**Data in this exercise**
Segment Open
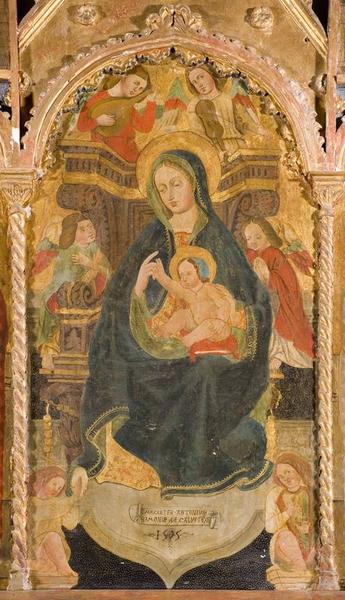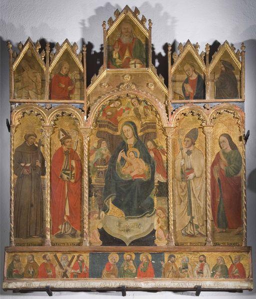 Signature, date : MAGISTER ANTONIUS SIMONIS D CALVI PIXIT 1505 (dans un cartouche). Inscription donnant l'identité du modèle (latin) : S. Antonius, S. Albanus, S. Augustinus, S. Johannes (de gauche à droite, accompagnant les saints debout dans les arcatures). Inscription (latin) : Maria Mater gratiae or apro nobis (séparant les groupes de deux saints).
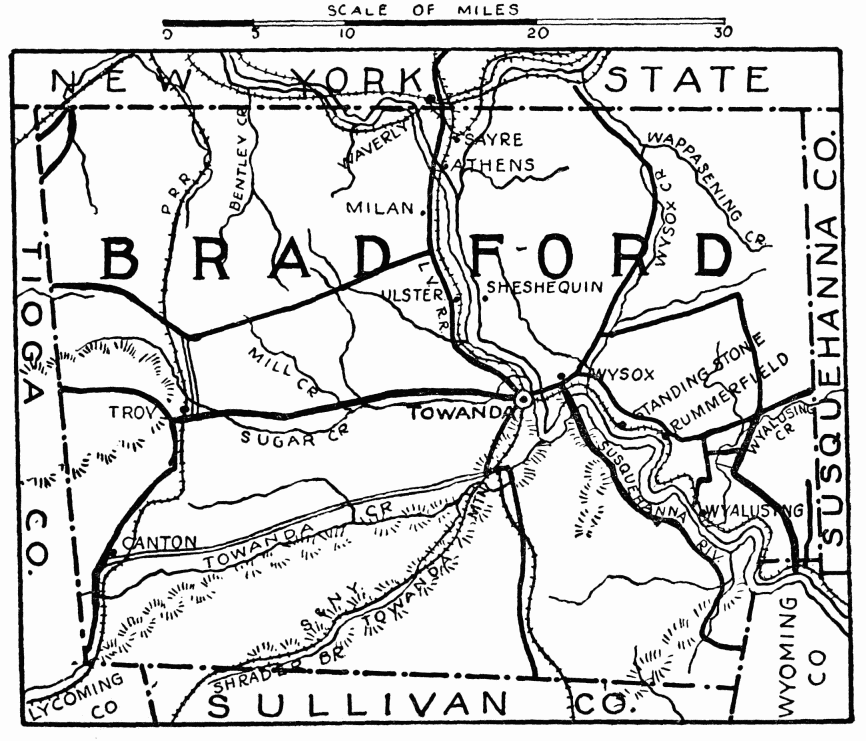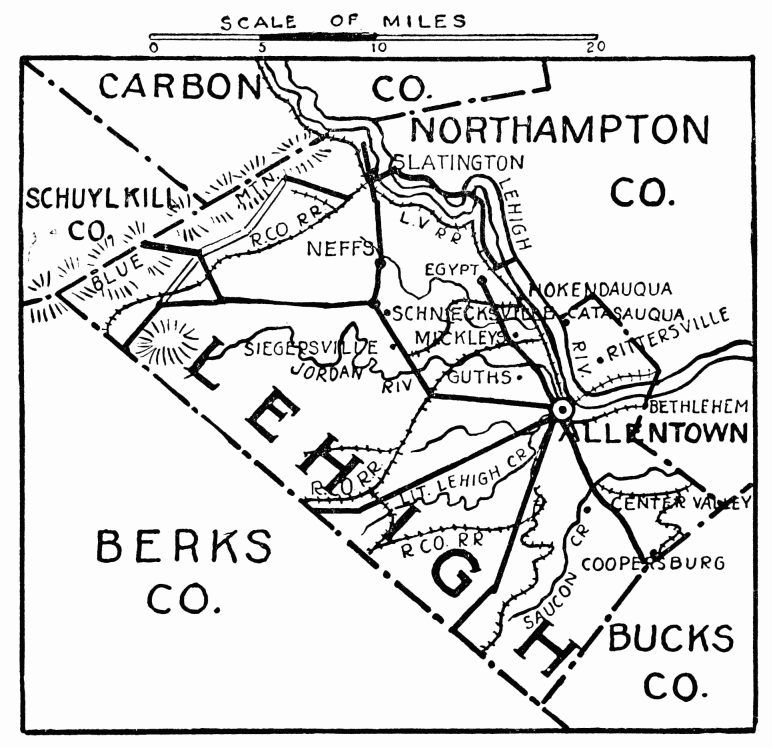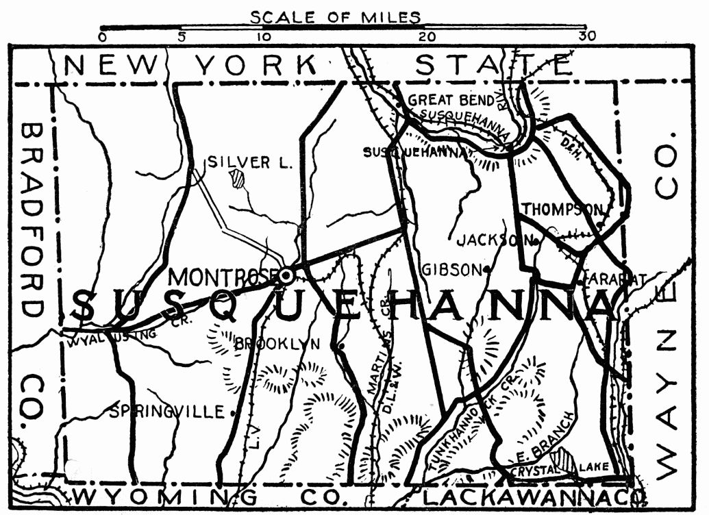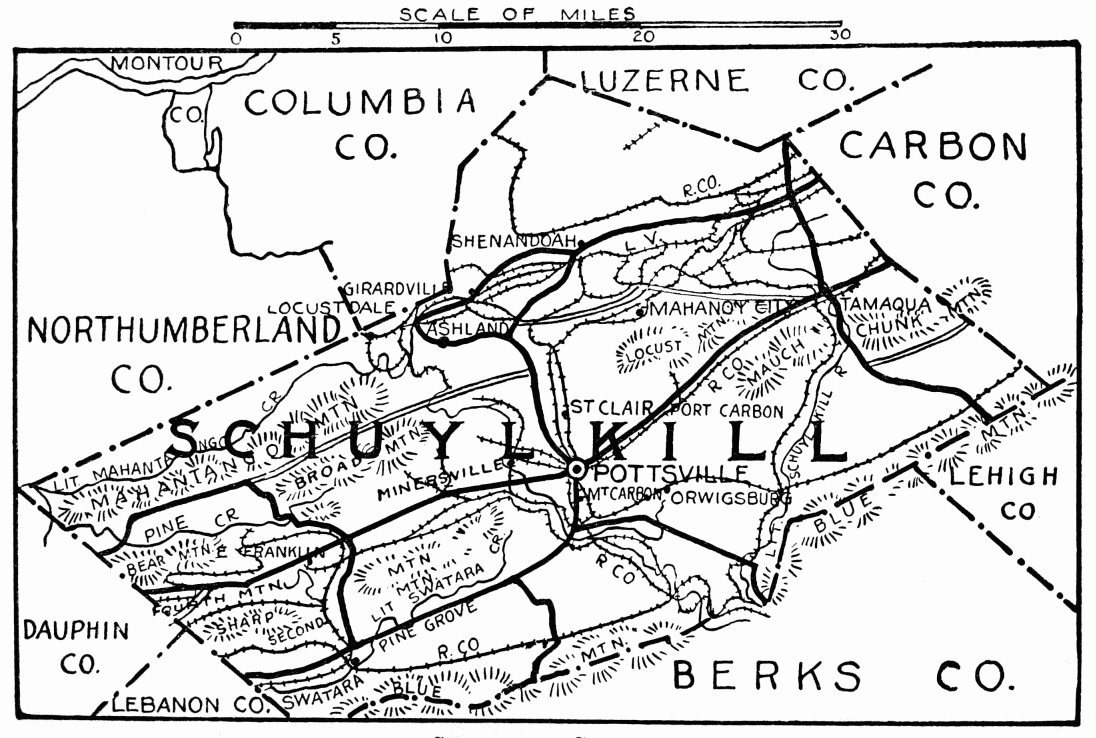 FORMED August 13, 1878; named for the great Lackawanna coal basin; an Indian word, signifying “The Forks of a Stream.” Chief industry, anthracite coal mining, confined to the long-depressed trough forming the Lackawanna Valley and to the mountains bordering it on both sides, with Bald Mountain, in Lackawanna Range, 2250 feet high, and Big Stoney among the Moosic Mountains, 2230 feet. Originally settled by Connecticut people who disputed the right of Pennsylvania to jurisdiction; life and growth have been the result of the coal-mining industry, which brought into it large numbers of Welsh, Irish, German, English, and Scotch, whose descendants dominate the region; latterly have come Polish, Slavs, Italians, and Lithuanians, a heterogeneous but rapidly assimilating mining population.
Segment Closed
Segment Open
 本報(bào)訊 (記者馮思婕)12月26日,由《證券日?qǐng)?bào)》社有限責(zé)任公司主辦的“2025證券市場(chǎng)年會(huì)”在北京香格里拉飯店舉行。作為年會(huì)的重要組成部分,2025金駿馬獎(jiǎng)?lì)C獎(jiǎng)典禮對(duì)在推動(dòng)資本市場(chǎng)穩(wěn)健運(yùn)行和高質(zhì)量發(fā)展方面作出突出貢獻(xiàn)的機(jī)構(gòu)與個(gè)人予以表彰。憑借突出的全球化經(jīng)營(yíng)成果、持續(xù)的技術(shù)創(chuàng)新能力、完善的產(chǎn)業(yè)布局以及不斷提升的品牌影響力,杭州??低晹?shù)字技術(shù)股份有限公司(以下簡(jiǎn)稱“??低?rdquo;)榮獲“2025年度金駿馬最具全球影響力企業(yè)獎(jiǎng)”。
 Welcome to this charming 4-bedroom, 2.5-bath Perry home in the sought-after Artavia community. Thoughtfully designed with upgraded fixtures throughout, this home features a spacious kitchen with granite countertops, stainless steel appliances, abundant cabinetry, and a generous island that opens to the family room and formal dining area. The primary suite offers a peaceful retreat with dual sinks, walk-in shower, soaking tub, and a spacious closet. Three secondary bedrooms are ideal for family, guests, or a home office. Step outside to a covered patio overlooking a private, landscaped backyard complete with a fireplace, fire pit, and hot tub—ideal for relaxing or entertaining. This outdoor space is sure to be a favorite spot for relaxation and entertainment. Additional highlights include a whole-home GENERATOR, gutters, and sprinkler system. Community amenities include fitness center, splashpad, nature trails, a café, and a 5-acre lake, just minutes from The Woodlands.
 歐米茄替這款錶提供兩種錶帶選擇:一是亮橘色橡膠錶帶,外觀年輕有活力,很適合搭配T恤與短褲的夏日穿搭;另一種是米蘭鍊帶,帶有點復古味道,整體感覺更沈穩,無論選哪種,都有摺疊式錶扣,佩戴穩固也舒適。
Segment Closed
Segment Open
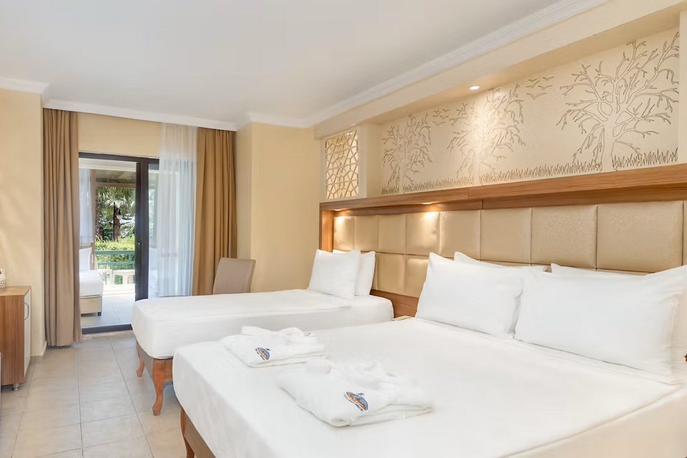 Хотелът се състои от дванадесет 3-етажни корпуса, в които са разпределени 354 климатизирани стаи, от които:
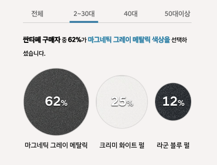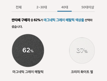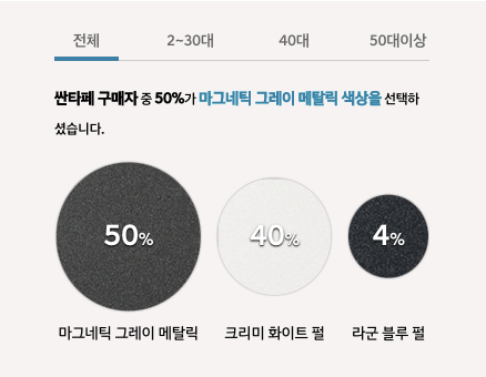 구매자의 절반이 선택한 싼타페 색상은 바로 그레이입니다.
Segment Closed
**Task directions**
Take the line above containing "Welcome to this", the line containing "歐米茄替這款錶提供兩種錶帶選", and all lines in between, and copy them exactly without anything else.

**Solution to the problem**
 Welcome to this charming 4-bedroom, 2.5-bath Perry home in the sought-after Artavia community. Thoughtfully designed with upgraded fixtures throughout, this home features a spacious kitchen with granite countertops, stainless steel appliances, abundant cabinetry, and a generous island that opens to the family room and formal dining area. The primary suite offers a peaceful retreat with dual sinks, walk-in shower, soaking tub, and a spacious closet. Three secondary bedrooms are ideal for family, guests, or a home office. Step outside to a covered patio overlooking a private, landscaped backyard complete with a fireplace, fire pit, and hot tub—ideal for relaxing or entertaining. This outdoor space is sure to be a favorite spot for relaxation and entertainment. Additional highlights include a whole-home GENERATOR, gutters, and sprinkler system. Community amenities include fitness center, splashpad, nature trails, a café, and a 5-acre lake, just minutes from The Woodlands.
 歐米茄替這款錶提供兩種錶帶選擇:一是亮橘色橡膠錶帶,外觀年輕有活力,很適合搭配T恤與短褲的夏日穿搭;另一種是米蘭鍊帶,帶有點復古味道,整體感覺更沈穩,無論選哪種,都有摺疊式錶扣,佩戴穩固也舒適。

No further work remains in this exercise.